Tony Gosling: I hope so. Because of the upcoming elections, there is a little bit of pressure on the Americans to come up with a coherent policy here. But I am afraid there is one thing they can do with Riyadh Hijab from the rebel groups as a part of this negotiation process, which is to laugh at him. He is called ‘the opposition’ in the Western media, but he is now saying that he may not even turn up to the peace talks. I would suggest that if he wants to be the opposition that he should start fighting elections in Syria like everybody else in the civilized world does. We have parliamentary elections in 2012 that he possibly could have fought. Also, of course, presidential election in 2014 he could have fought. If he holds his horses and bides his time, the new constitution means Assad has only got two terms anyway. So why on earth does he not engage with the peaceful electoral process? That is what I think should happen here. And there is really no excuse for him to not turn up at these peace talks.

RTWhat has changed on the ground in Syria? Will something change if the US gives its support?

TG: There has become a big difference between the foreign policy as it is being sold to the public here in the West, and what is really going here on the ground. Many of us have been told that it is a battle going on in Syria with ISIS.

Actually, what is happening behind the scenes is a battle for Syria, for the heart and minds. And America is slowly in a position where it is having to abandon some of its support for these rebels.
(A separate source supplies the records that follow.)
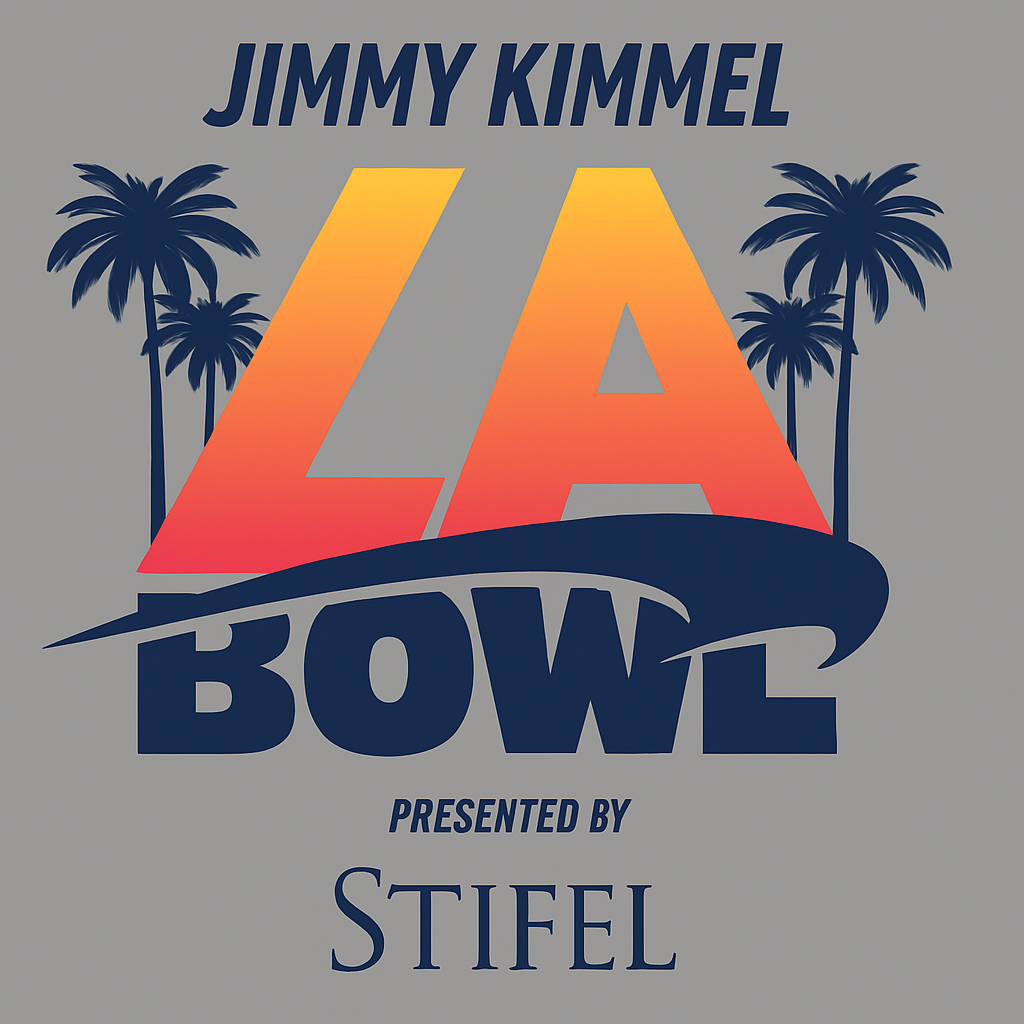 Logo for Jimmy Kimmel LA Bowl, presented by Stifel, featuring palm trees and a gradient large letter 'LA' on a gray background. Jimmy Kimmel LA Bowl Creator. Jimmy Kimmel LA Bowl Original idea
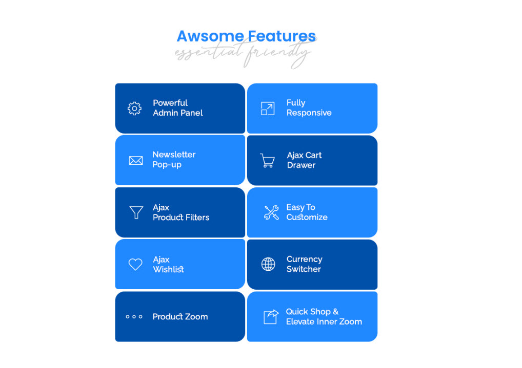 • Great for SEO: Uses the latest Shopify SEO features and product data is formatted for Google rich snippets, so that product listings are optimized for search engines.
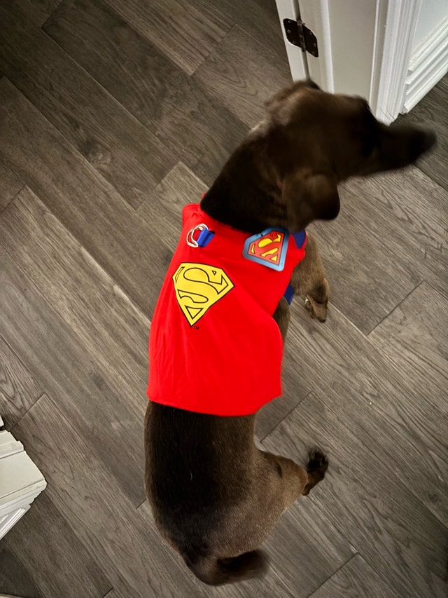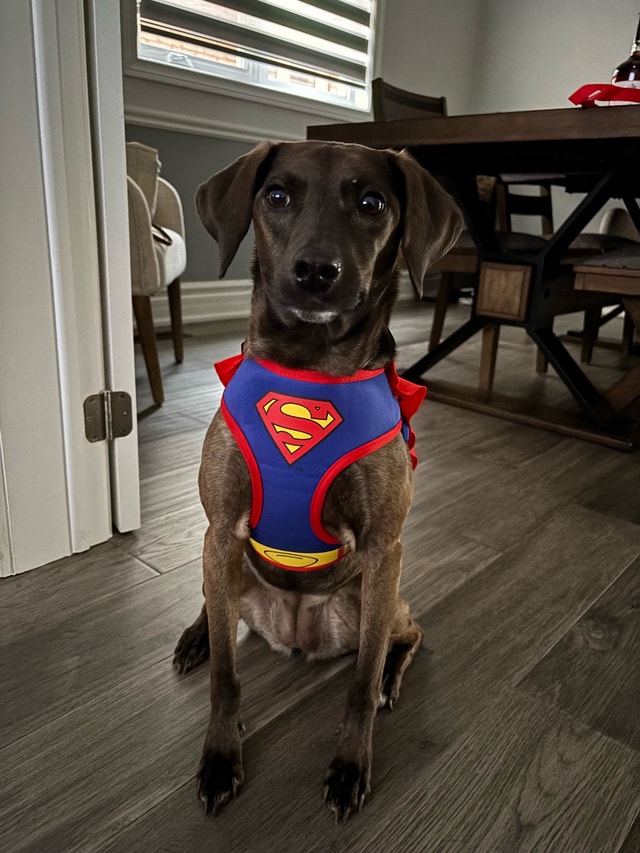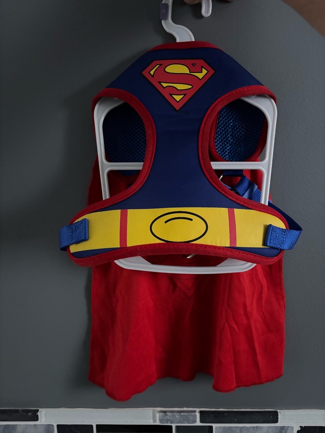 Your furry friend will be ready to save the day with this adorable Superman dog harness! It's in like-new condition, ready for a new super pup. It is adjustable, so it should fit most small to medium sized dogs. Let me know when you'd like to pick it up and let's coordinate a time.
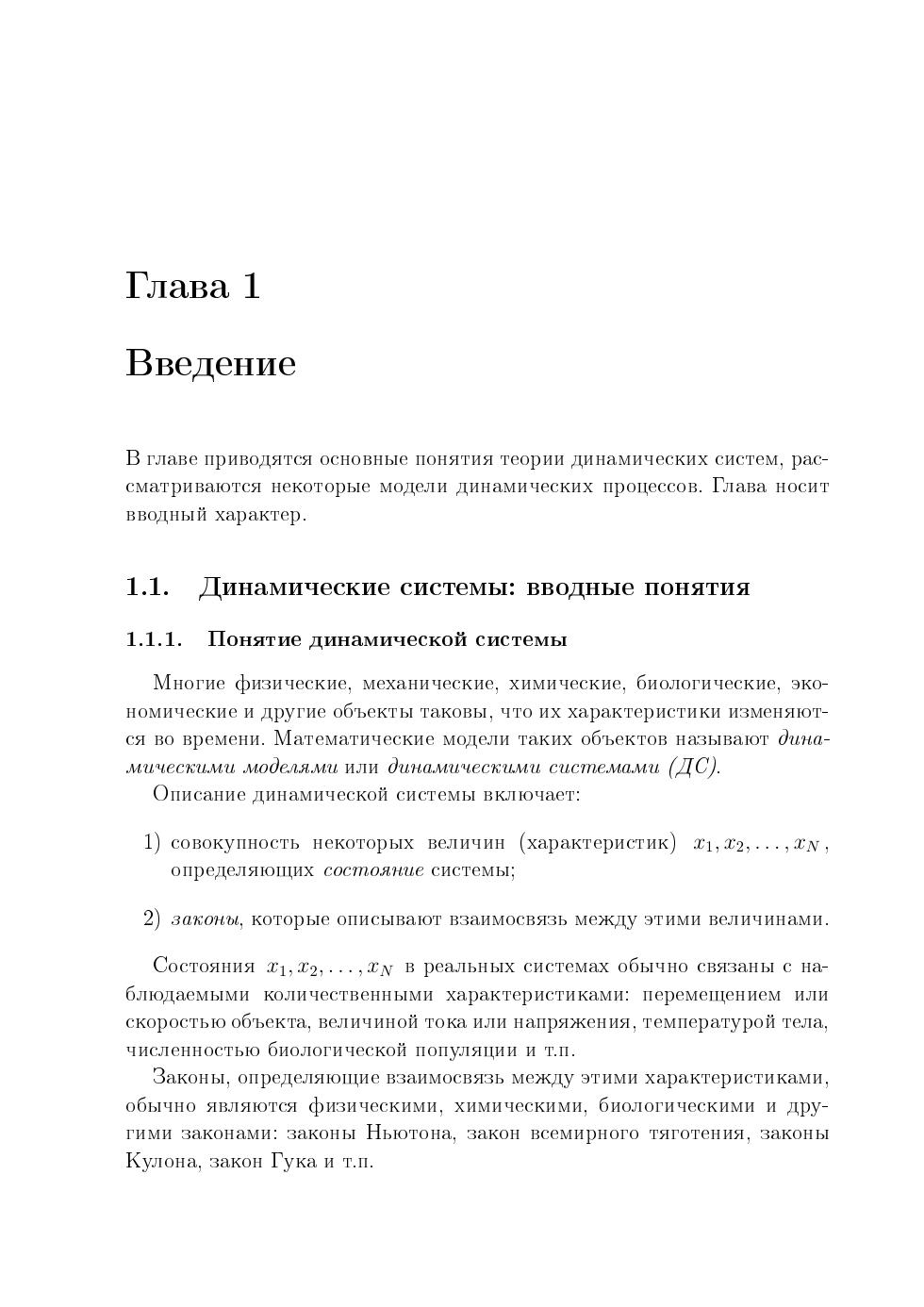 Учебное пособие представляет собой вводный курс в теорию динамических систем и нелинейную динамику. В нем излагаются теоретические сведения, а также методы и приемы исследования динамических систем, лежащих в основе современной нелинейной динамики. Рассматриваются системы с дискретным временем, описываемые разностными уравнениями, и системы с непрерывным временем, описываемые автономными дифференциальными уравнениями. Значительное место в пособии уделено обсуждению различных приложений и анализу ряда моделей нелинейной динамики. Выбор и анализ моделей определялся как их свойствами, представляющими научный и практический интерес, так и тем, что они дают замечательные иллюстрации основных понятий и методов современной нелинейной динамики. Существенным достоинством пособия является наличие большого числа примеров, а также задач и упражнений, органически связанных с основным изложением. Пособие предназначено для студентов вузов, обучающихся по математическим, физико-математическим и техническим специальностям, в первую очередь, по направлениям подготовки «Прикладная математика и информатика», «Математика», «Математика и компьютерные науки», «Прикладная математика», «Прикладная информатика», «Механика».

It is becoming pretty clear that there is very little difference between [rebels] and ISIL/ISIL/DAESH. In fact what they are doing are trading with each other, exchanging weapons – some of the groups. And we’ve even had a senior general saying that we should be supporting al-Qaeda in Syria.
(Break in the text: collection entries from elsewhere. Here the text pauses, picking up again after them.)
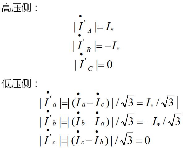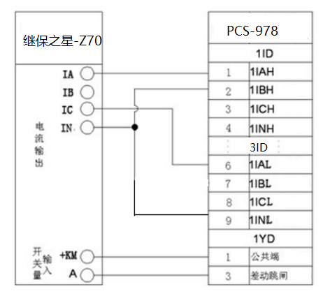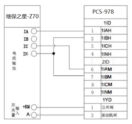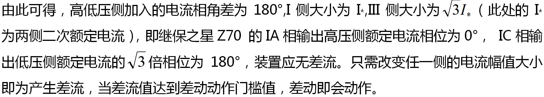 即B、C兩相都會受到影響。 為避免受此影響,使得檢驗更容易進行,高中壓側(cè)采用的接線方式為,電流經(jīng)繼保之星Z70 的IA相,從高壓側(cè)A相流入B相流出。
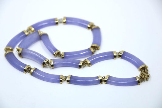Vintage 14K Gold Lavender Jade Necklace
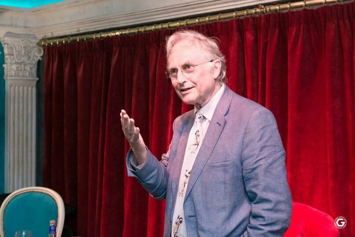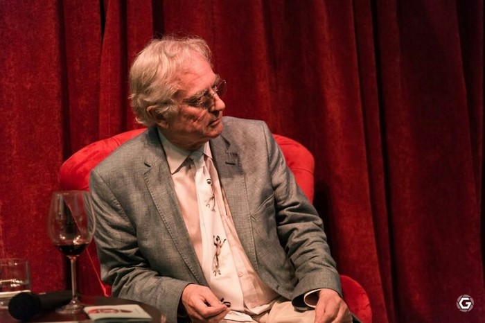 Докинз появился перед публикой с бокалом вина в руке. В свои 76 лет он бодр и подтянут, носит щеголеватые галстуки (один из них — с танцующими лемурами — ему подарила российская поклонница Ирина) и даёт всем пример образцового этикета. Отвечая на каждый вопрос, Ричард Докинз вставал с кресла, а затем снова садился. А чтобы понять вопросы, задаваемые порой на не очень хорошем английском, подходил к собеседнику и внимательно его слушал.
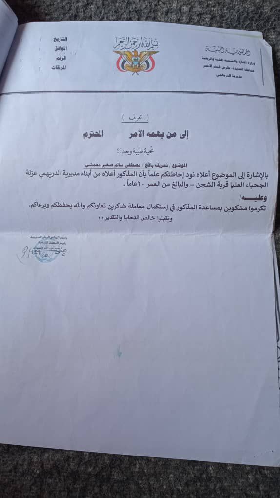 مصطفي سالم صغير مجمشي من ابناء #قرية الشجن مديرية الدريهمي
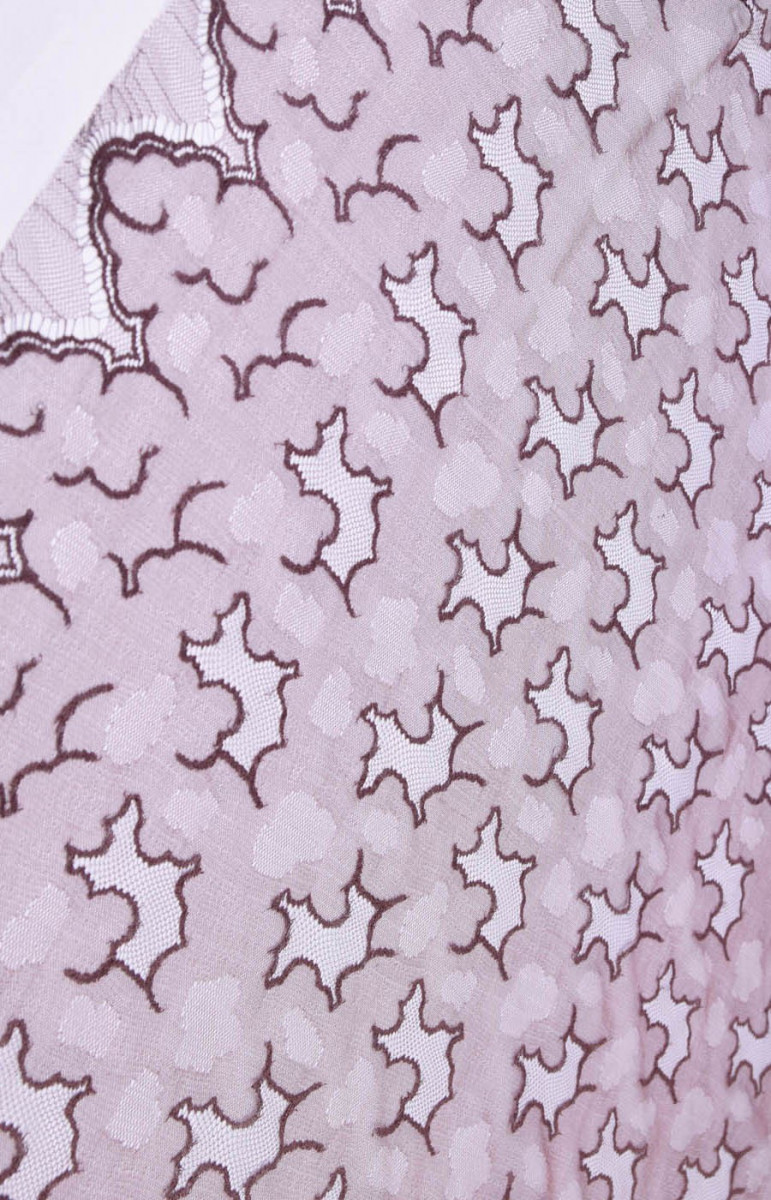 Plānas, maigas mežģīnes bordo brūnā krāsā. Pabeigts ar zobu abās pusēs. Audums ir lieliski piemērots blūzēm un kleitām.

I think that they’ve got to go to these peace talks if we want any kind of real solution here, because actually the Americans are backtracking a bit and are realizing that their support for the rebels doesn’t make sense in military terms, never mind the propaganda.

RTTurkey and the US have been trying to seal the border with Syria for months now with little progress. What is making this job so difficult?

TG: What makes it most difficult is that you have got a lots of interest in Turkey in keeping that border open, infiltrating agents through one way or another, and also keeping some of the oil supplies running, which Russia has been concentrating on thwarting those supplies going through. So we’ve got double dealing from the Turkish Erdogan government, who even has been talking about Hitler’s regime as a good way of running things… I think Turkey is in a kind of meltdown. They can’t make any clear coherent policy either and that’s another casualty of the next-door war in Syria.